__Excerpts from a dataset__

+++++

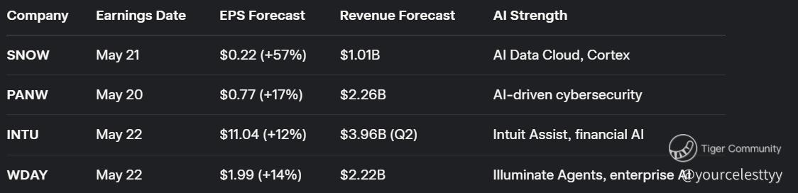 Recent earnings from Cloudflare (NET) and ServiceNow (NOW) set a high bar, with both showcasing AI-driven growth—Cloudflare with network security and ServiceNow with workflow automation. These results raise expectations for SNOW, PANW, INTU, and WDAY to deliver.
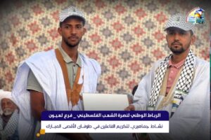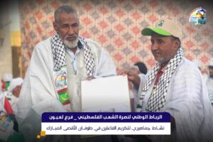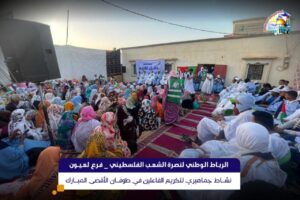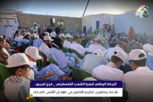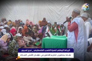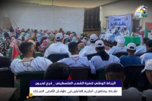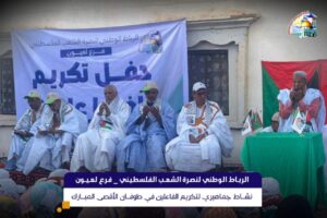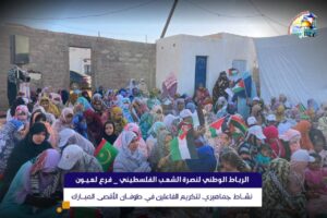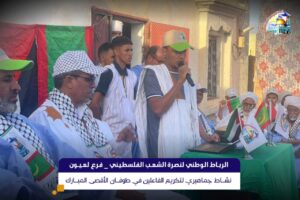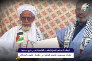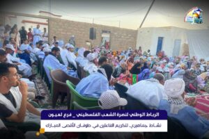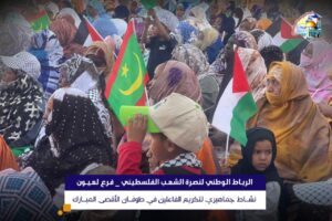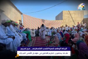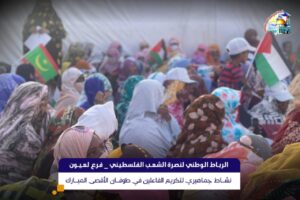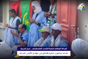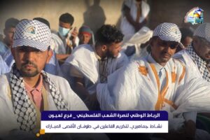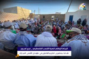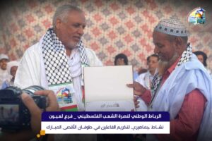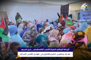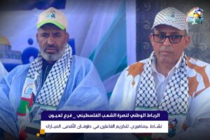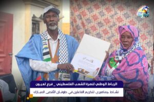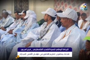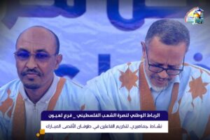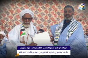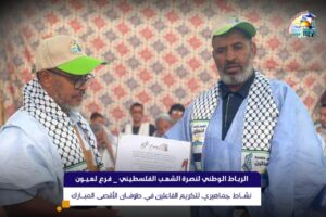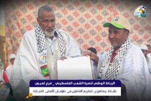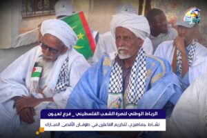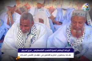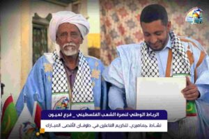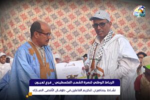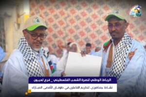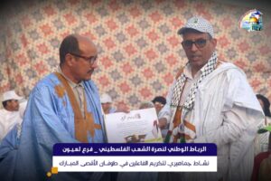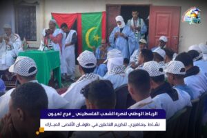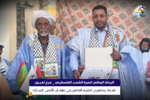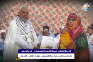 وبهذه المناسبة، نظّم الفرع نشاطًا تكريميًا تثمينًا لجهود الداعمين للقضية الفلسطينية طيلة عامي الطوفان، وذلك بحضور رئيس الرباط الوطني الأستاذ الشيخاني ولد بيب ومسؤول الفروع.
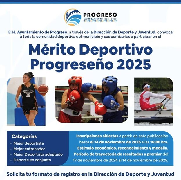 El Ayuntamiento de Progreso, encabezado por el alcalde Erik Rihani González, a través de la Dirección de Deporte y Juventud, recuerda a las y los interesados en participar en el “Mérito Deportivo Progreseño 2025” que las inscripciones cerrarán el próximo viernes 14 de noviembre, en un horario de 9:00 a 18:00 horas, en las oficinas de la Dirección de Deporte.
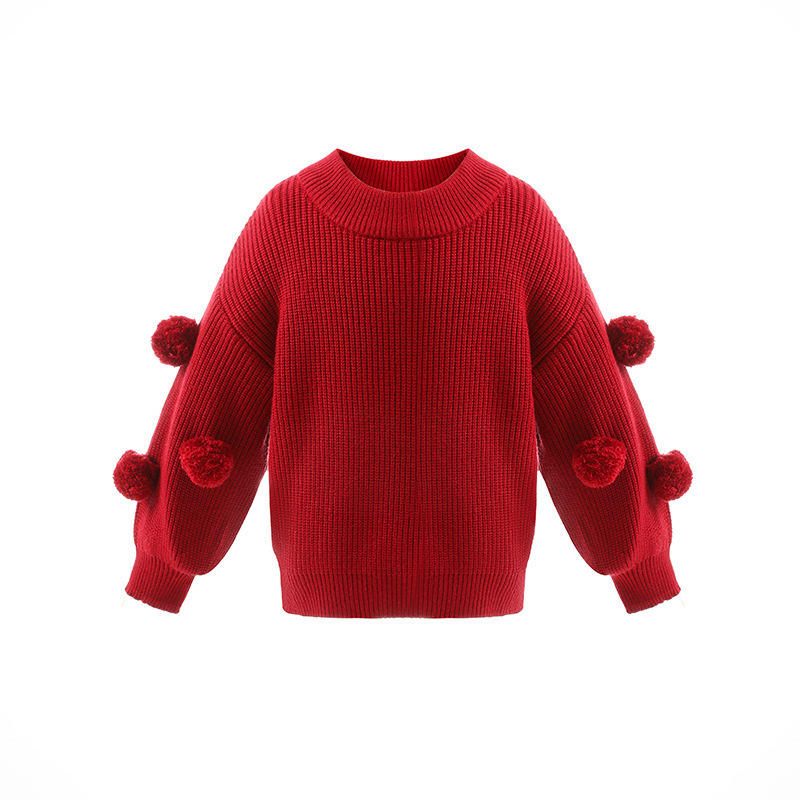 • 고품질 원단과 보풀 방지 기능이 있는 버건디 퍼 볼 스웨터
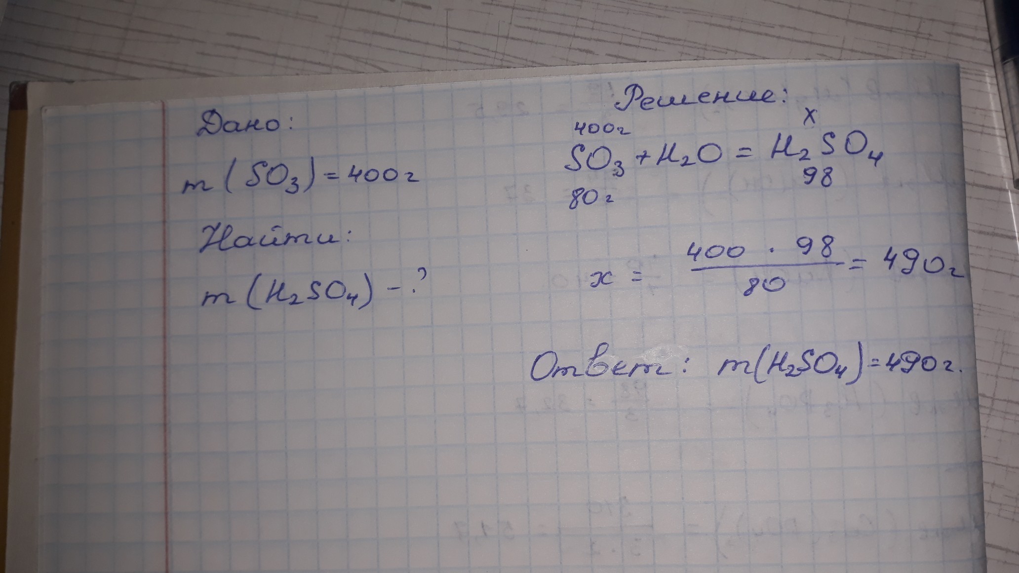 сколько граммов серной кислоты образуется при полном взаимодействии 400 г SO3 с избытком воды

+++++

__YOUR OBJECTIVE__
Each record should be written out again exactly, though without its pictures.

__RESPONSE TO THE TASK__
 Recent earnings from Cloudflare (NET) and ServiceNow (NOW) set a high bar, with both showcasing AI-driven growth—Cloudflare with network security and ServiceNow with workflow automation. These results raise expectations for SNOW, PANW, INTU, and WDAY to deliver.
 وبهذه المناسبة، نظّم الفرع نشاطًا تكريميًا تثمينًا لجهود الداعمين للقضية الفلسطينية طيلة عامي الطوفان، وذلك بحضور رئيس الرباط الوطني الأستاذ الشيخاني ولد بيب ومسؤول الفروع.
 El Ayuntamiento de Progreso, encabezado por el alcalde Erik Rihani González, a través de la Dirección de Deporte y Juventud, recuerda a las y los interesados en participar en el “Mérito Deportivo Progreseño 2025” que las inscripciones cerrarán el próximo viernes 14 de noviembre, en un horario de 9:00 a 18:00 horas, en las oficinas de la Dirección de Deporte.
 • 고품질 원단과 보풀 방지 기능이 있는 버건디 퍼 볼 스웨터
 сколько граммов серной кислоты образуется при полном взаимодействии 400 г SO3 с избытком воды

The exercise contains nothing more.